Orne writes "BBC News reports here that researchers at the Washington University School of Medicine in St Louis have located 'a protein CUGBP2 (that) interacted with the mRNA for Cox-2 in eight types of human cancer cells.' Cox-2 (which is already known to affect inflammation in arthritis sufferers) is involved in growing blood vessels to feed cancer cells, leading to their uncontrolled growth. Raising CUGBP2 to normal levels puts the cancer's 'death' cycle back on track."

6 of 48 comments (clear)

  1. More info here... by Simon+Field · · Score: 4, Informative


    See this article for a slightly more technical treatment of the item.

  2. Re:good, but... by Simon+Field · · Score: 4, Informative


    Normal tissue already produces plenty of this protein.

    It has low levels in tumors, and raising the levels to 'normal' shrinks the tumors.

  3. Too soon to tell, but... by geekwench · · Score: 3, Informative
    I'm in favor of anything that provides even a minor stepping stone toward a reasonably non-toxic cancer treatment. Chemotherapy is probably the most effective bullet in the current arsenal, but the damages that it causes to healthy calls can be permanent. Depending on the organ, and the severity, the cure has the potential to be not much of an improvement over the disease.

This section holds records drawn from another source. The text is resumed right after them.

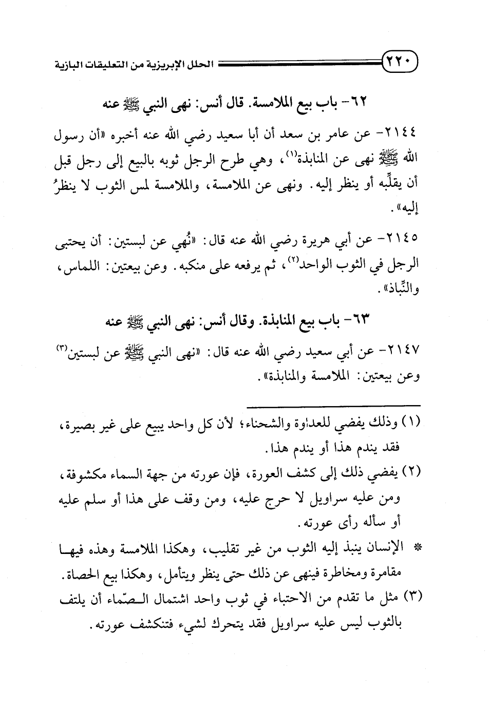 2147 - عن أبي سعيد - رضي الله عنه -: «نهي النبي - صلى الله عليه وسلم - عن لبستين (¬3) وعن بيعتين: الملامسة والمنابذة».
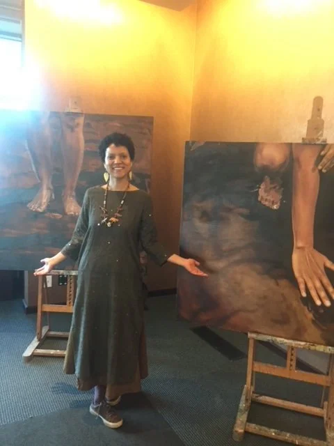 Tiffany Freeman with her oil paintings, Nyack Library Community Room, 2020.
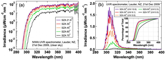 (a) Solar UVR spectra (2 nm resolution) for different SZA taken on the same clear sky summer day, 21 December 2009 at Lauder, NZ (Lat: −45.0 Long: 169.7 Alt: 370 m) using a UVR spectrometer, and (b) the corresponding erythemally weighted UVR spectra and (inset) the cumulative erythemal UVR as a function of wavelength.
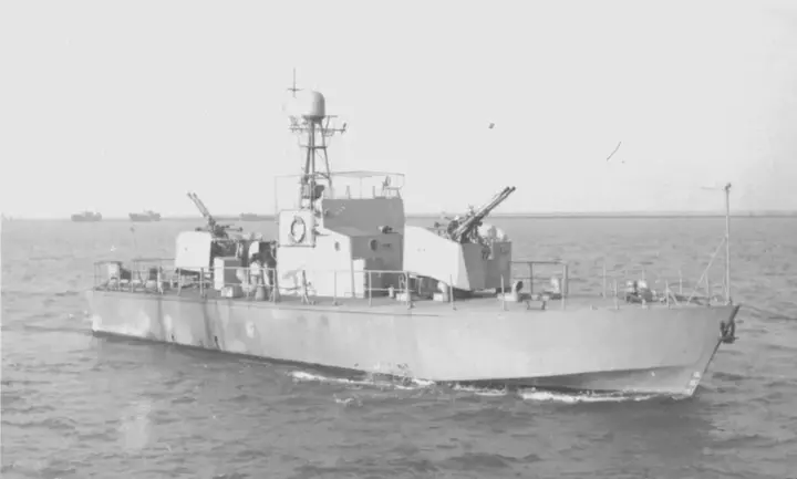 图11.1964年8月2日夜遭美军“星座”号航空母舰舰载机反击的三艘北越P-4型鱼雷艇当中的一艘
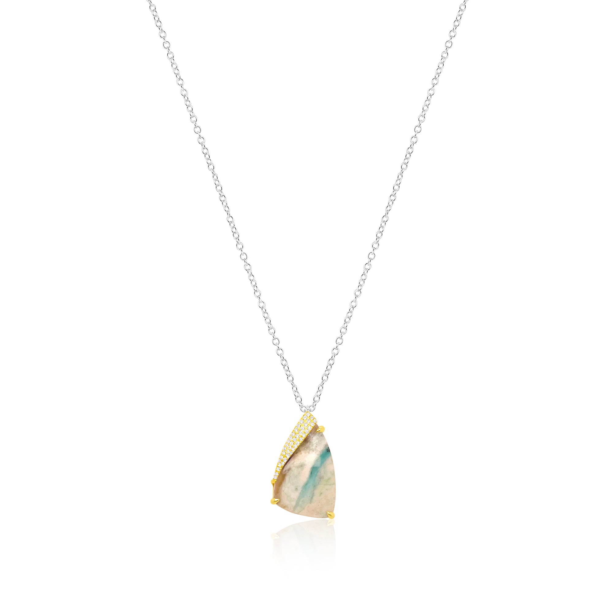 14kt White Gold Two Toned Diamond and Opalized Wood Pendant Necklace
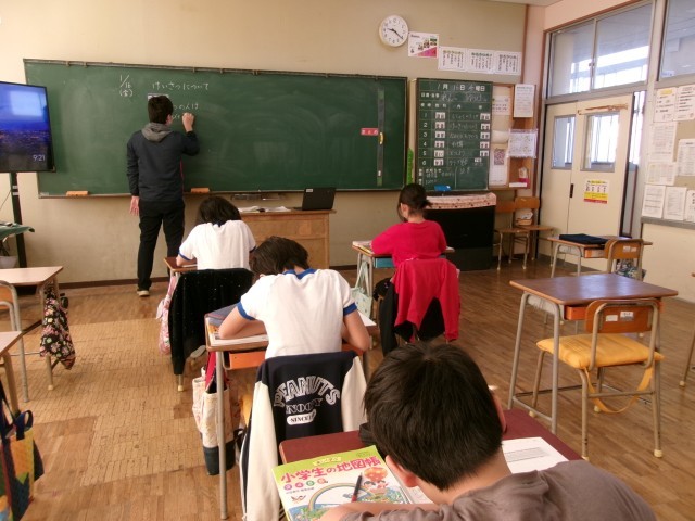 今日は、市内の2年目の中学校の先生が千本小に来て勉強をする研修会があり、その中心授業でした。
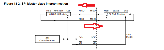 그후에는 SPDR 레지스터에 전송할 데이터를 입력하면 자동으로 8bit Shift 하여 데이터를 전송한다.
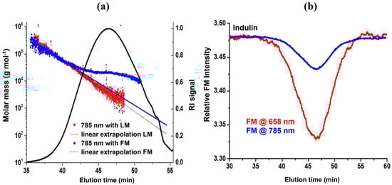 SEC–MALS analysis of kraft lignin (Indulin AT): (a) chromatogram displaying LM vs. FM extrapolation. (b) Forward monitoring (FM) displaying absorbance in flow-cell at two different wavelengths. Reprinted from [].
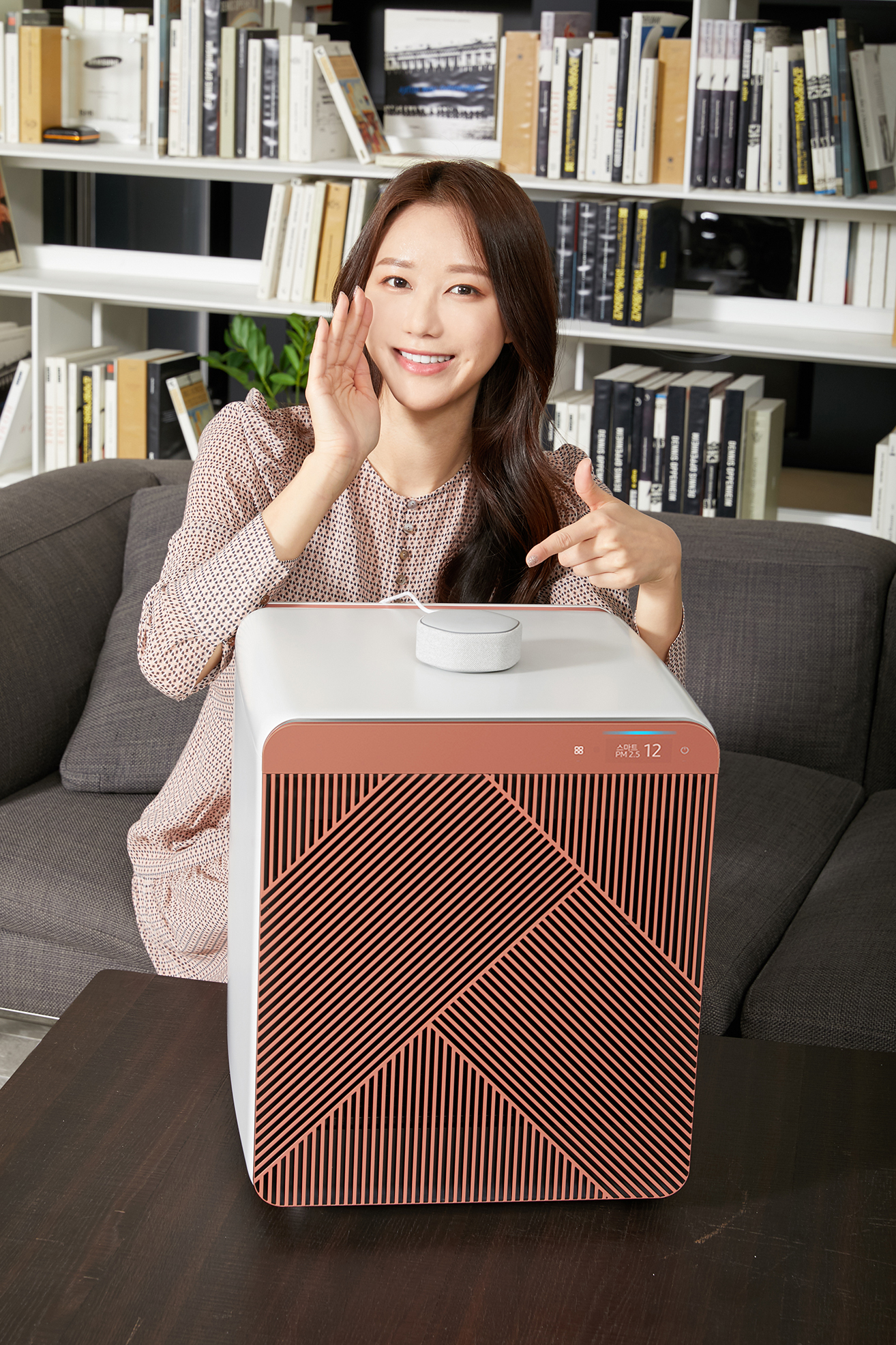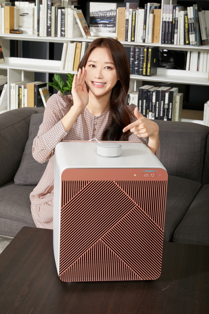 ▲ 삼성전자 모델이 수원 삼성전자 디지털시티 프리미엄하우스에서 삼성 공기청정기 ‘비스포크 큐브 에어’와 카카오엔터프라이즈 스마트 스피커 ‘미니헥사’, ‘미니링크’를 소개하고 있다.

    None of the articles mentioned a timeline to human testing (at least not that I could find). I'm going to be watching this research closely. I've seen too many people succumb to their own bodies going haywire.

    --
    Doing my level best to piss off the religious right wing...
  4. Interesting Statistics by Frodo.20 · · Score: 5, Informative

    The protein doesn't kill 70% of common cancers, it kills 70% of the cells of the 8 tumor types it was tested in.
    A) This means that 30% of the tumor survives the treatment. This is a good start for a treatment but alone it is not a cure as the remaining 30% will continue to grow and spread.
    B) There are many more types of tumor which it hasn't been tested in so this is not exactly the mythic magic bullett.

    In addition this has not been tested in a physiological situation. While it is a natural substance you can't just throw it at patients and see what happens. The dose of this protein required to reach the correct level in tumor cells may in fact push the level in normal cells to extremes. Killing 70% of a tumour is not good if it also causes 70% of your kidney to whither away and die.And delivary stratagies targeting specific cells have still not been well worked out.

  5. Misleading headline by halothane · · Score: 4, Informative

    If you actually read the report, it says "70% of cancer cells", not "70% of cancers". Big difference.

  6. Re: UD.. - Not offtopic by drfrogsplat · · Score: 3, Informative
    The comment about UD packets isn't offtopic, for those who modded it such.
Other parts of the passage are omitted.